*** The input ***
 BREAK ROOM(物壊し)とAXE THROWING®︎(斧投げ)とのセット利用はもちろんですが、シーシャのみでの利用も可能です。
***
*** The input ***
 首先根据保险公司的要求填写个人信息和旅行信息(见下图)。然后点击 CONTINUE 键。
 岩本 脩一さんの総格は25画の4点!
***
** Exercise instructions **
Wherever the line holding "首先根据保险公司的要求填写个人信息和旅行信息(见下图)。然后点击 CONTINUE 键。" falls in the entries above, copy exactly from it through the line holding "岩本 脩一さんの総格は25画の4点!", inclusive, and add nothing.

** Result for this task **
 首先根据保险公司的要求填写个人信息和旅行信息(见下图)。然后点击 CONTINUE 键。
 岩本 脩一さんの総格は25画の4点!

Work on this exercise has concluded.